● Task goal
Transcribe every entry word for word. Skip the pictures.

Data extracted from a collection
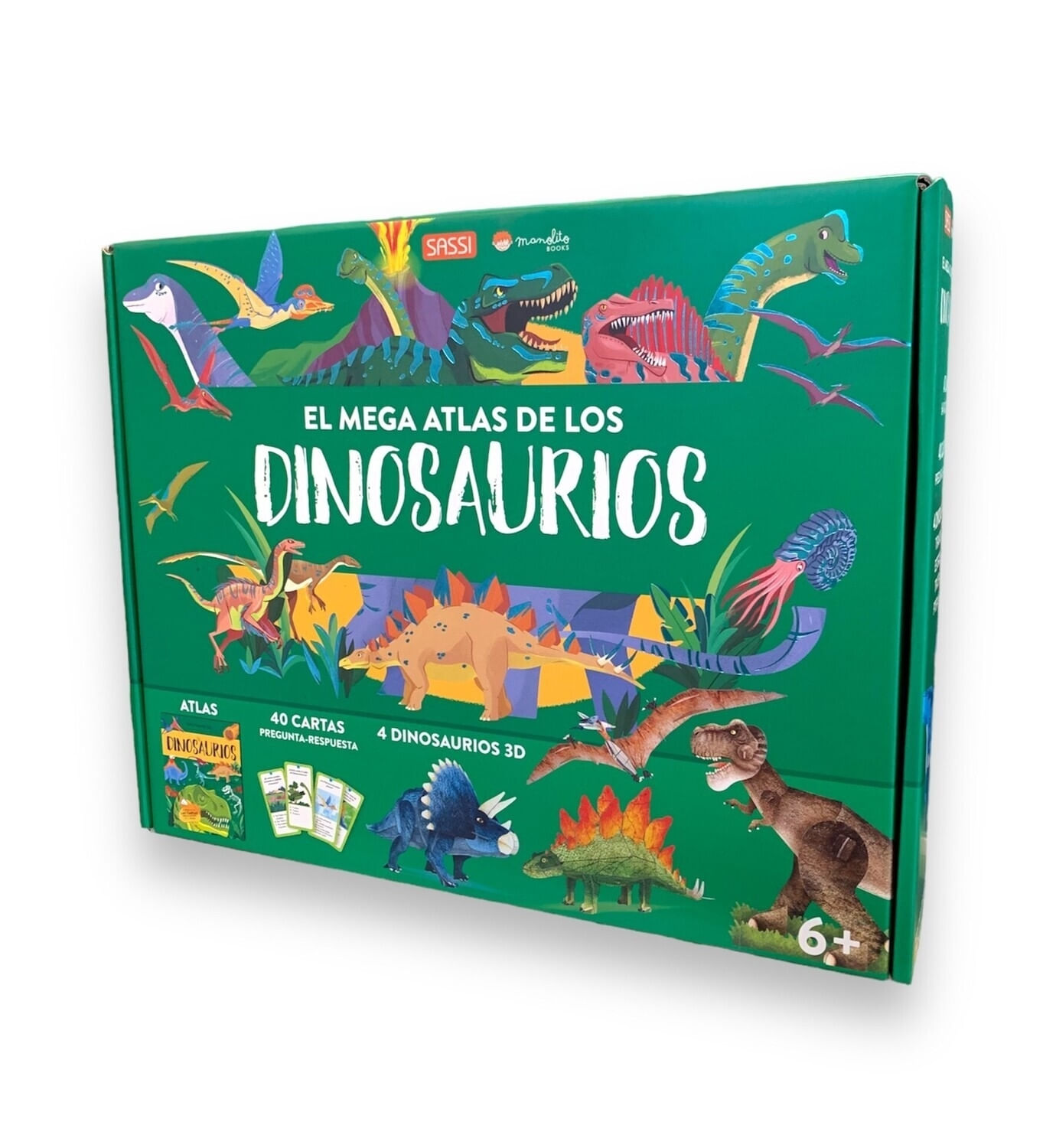 EL MEGA ATLAS DE LOS DINOSAURIOS – 40 CARTAS PREGUNTA-RESPUESTA – 4 DINOSAURIOS 3D
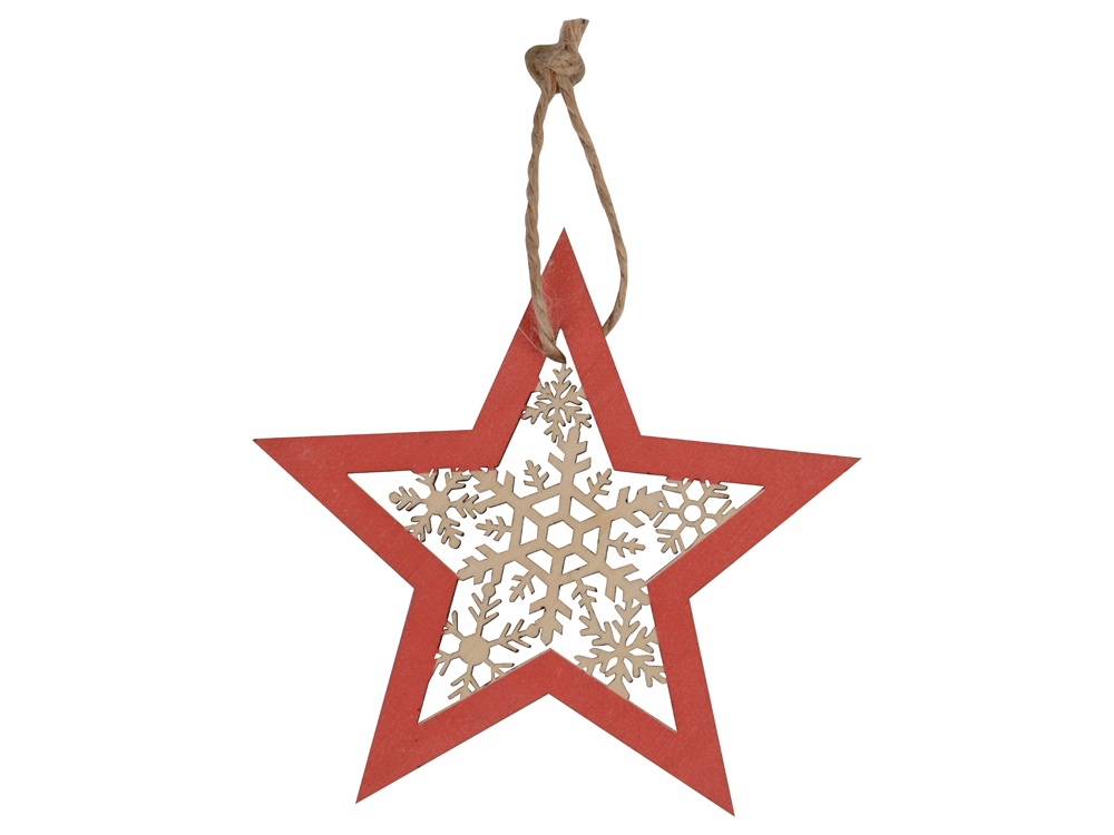 Оригинальное елочное украшение в виде звездочки. Подвеска выполнена из березовой фанеры и тонирована в красный цвет. Это елочное украшение – отличный вариант для экоелки. Не хотите использовать елочные игрушки из пластика или стекла? Деревянные сувениры из нашего каталога станут отличным украшением, которые создадут атмосферу уюта в вашем доме.
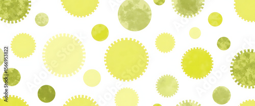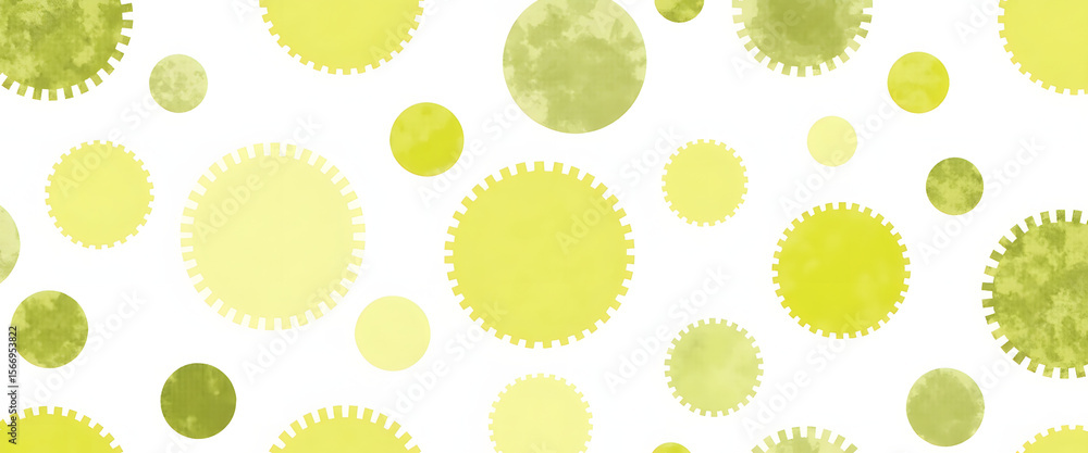 The watermark will not be included on Wall mural.: Watercolor background with yellow and green circles in a repeating pattern -
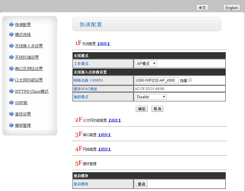 1:快速配置頁(yè)面,可以完成最基本的配置,AP配置,STA連接網(wǎng)絡(luò)配置,網(wǎng)絡(luò)協(xié)議配置等快捷配置。
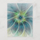 Flourish Fantasy Modern Blue Green Fractal Flower Postcard
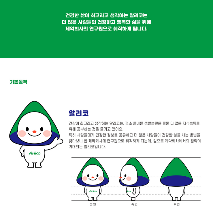 A. 알리코제약의 창업이념과 기업이념에 맞는 이미지를 형상화한 캐릭터를 개발하여,
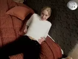 Die scharfe blonde Tussi liebkost den scharfen Riemen beim Gruppenfick
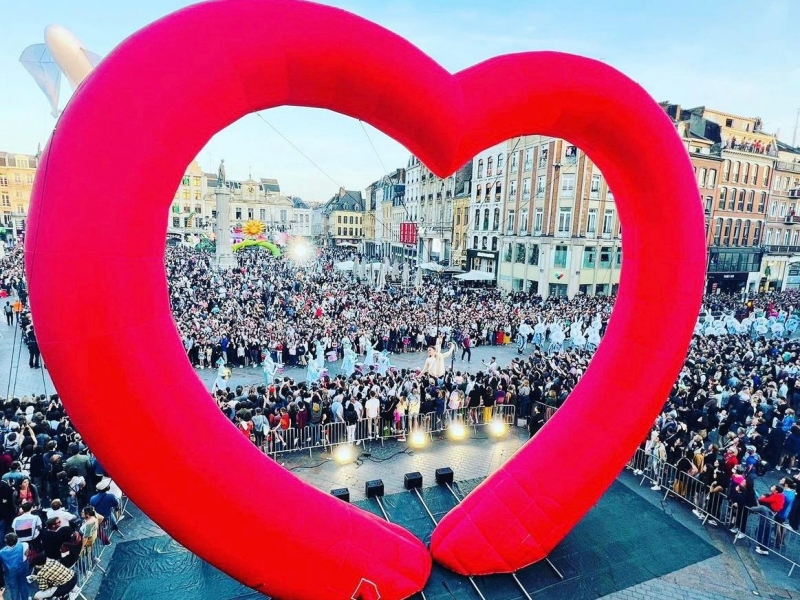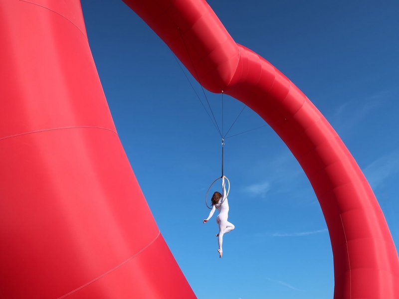 A 12.5m high, air-filled structure that frames an elegant aerial performer. Fluctuations in pressure cause the heart to slowly pulse during the show.
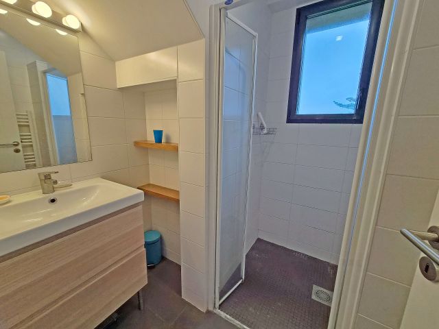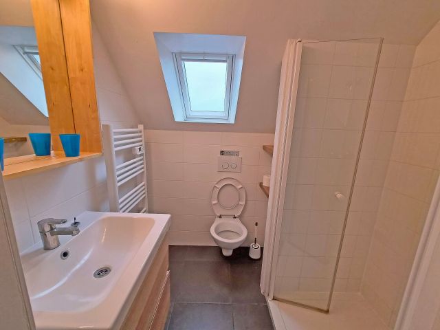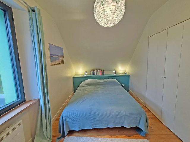 • L'espace nuit à l'étage : Le palier dessert deux belles chambres lumineuses avec placards intégrés, dont une véritable suite avec sa salle de douche privative et WC.
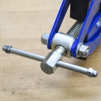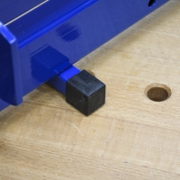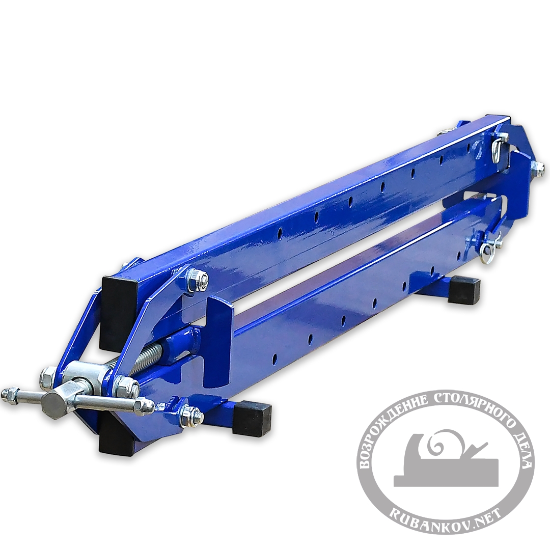 Прижимной блок из высокопрочной стали обеспечивает высокое равномерное давление на ламели. Прочный винт обеспечивает качественный прижим. В процессе эксплуатации винт необходимо очищать от опилок и смазывать любым машинным маслом. Это значительно увеличит срок службы инструмента. Благодаря специальной конструкции вайм на склеиваемые заготовки оказывается равномерное давление с 4-х сторон. Это обеспечивает прочную склейку без щелей при условии качественной прифуговки делянок и качественного клея. Два съёмных упорных штифта со съемной шпилькой позволяют оперативно переставлять задний упор для регулировки необходимых размеров.
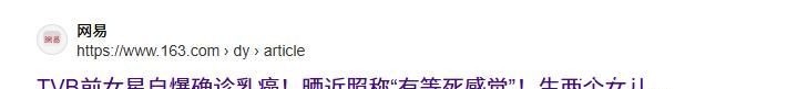 2.网易网:TVB前女星自爆确诊乳癌!晒近照称“有等死感觉”!生两个女儿曾被指面相克夫!
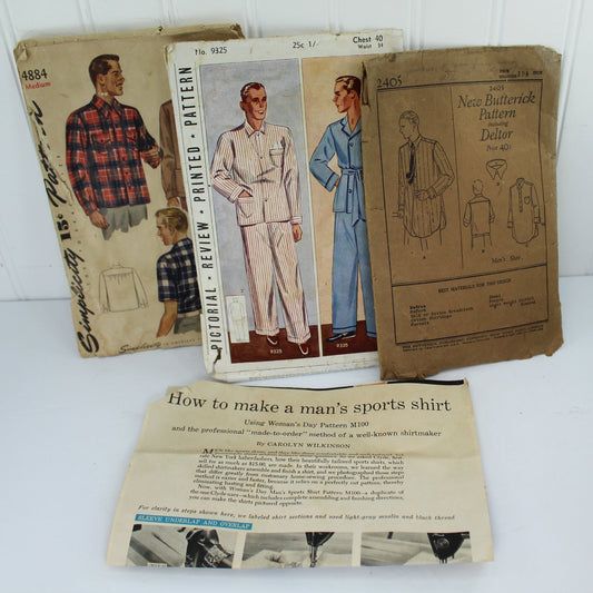 Lot 3 Sewing Patterns Men's Butterick Deltor Early 1900s PJ's Shirt Jacket
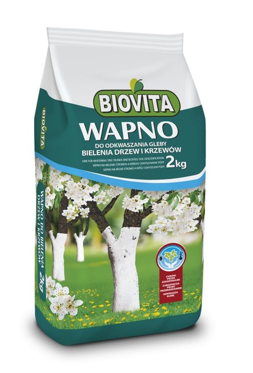 Вапно для побілки дерев від Біовіта є натуральним продуктом походження. Вапно не містить токсичних речовин, воно 100% безпечний для рослин. Інгредієнти, що містяться в продукті, збільшуються прилипання розчину до стовбура або гілок дерев. Продукт ідеальний захищає рослини від шкідників і зміцнює їх стійкість до низьких температур. Вапно також має властивості розкислюючи грунт, їх можна розкидати по газону, щоб їх усунути моху або внести на овочеву ділянку, якщо рН ґрунту занадто високий кислий.

● Output
 EL MEGA ATLAS DE LOS DINOSAURIOS – 40 CARTAS PREGUNTA-RESPUESTA – 4 DINOSAURIOS 3D
 Оригинальное елочное украшение в виде звездочки. Подвеска выполнена из березовой фанеры и тонирована в красный цвет. Это елочное украшение – отличный вариант для экоелки. Не хотите использовать елочные игрушки из пластика или стекла? Деревянные сувениры из нашего каталога станут отличным украшением, которые создадут атмосферу уюта в вашем доме.
 The watermark will not be included on Wall mural.: Watercolor background with yellow and green circles in a repeating pattern -
 1:快速配置頁(yè)面,可以完成最基本的配置,AP配置,STA連接網(wǎng)絡(luò)配置,網(wǎng)絡(luò)協(xié)議配置等快捷配置。
 Flourish Fantasy Modern Blue Green Fractal Flower Postcard
 A. 알리코제약의 창업이념과 기업이념에 맞는 이미지를 형상화한 캐릭터를 개발하여,
 Die scharfe blonde Tussi liebkost den scharfen Riemen beim Gruppenfick
 A 12.5m high, air-filled structure that frames an elegant aerial performer. Fluctuations in pressure cause the heart to slowly pulse during the show.
 • L'espace nuit à l'étage : Le palier dessert deux belles chambres lumineuses avec placards intégrés, dont une véritable suite avec sa salle de douche privative et WC.
 Прижимной блок из высокопрочной стали обеспечивает высокое равномерное давление на ламели. Прочный винт обеспечивает качественный прижим. В процессе эксплуатации винт необходимо очищать от опилок и смазывать любым машинным маслом. Это значительно увеличит срок службы инструмента. Благодаря специальной конструкции вайм на склеиваемые заготовки оказывается равномерное давление с 4-х сторон. Это обеспечивает прочную склейку без щелей при условии качественной прифуговки делянок и качественного клея. Два съёмных упорных штифта со съемной шпилькой позволяют оперативно переставлять задний упор для регулировки необходимых размеров.
 2.网易网:TVB前女星自爆确诊乳癌!晒近照称“有等死感觉”!生两个女儿曾被指面相克夫!
 Lot 3 Sewing Patterns Men's Butterick Deltor Early 1900s PJ's Shirt Jacket
 Вапно для побілки дерев від Біовіта є натуральним продуктом походження. Вапно не містить токсичних речовин, воно 100% безпечний для рослин. Інгредієнти, що містяться в продукті, збільшуються прилипання розчину до стовбура або гілок дерев. Продукт ідеальний захищає рослини від шкідників і зміцнює їх стійкість до низьких температур. Вапно також має властивості розкислюючи грунт, їх можна розкидати по газону, щоб їх усунути моху або внести на овочеву ділянку, якщо рН ґрунту занадто високий кислий.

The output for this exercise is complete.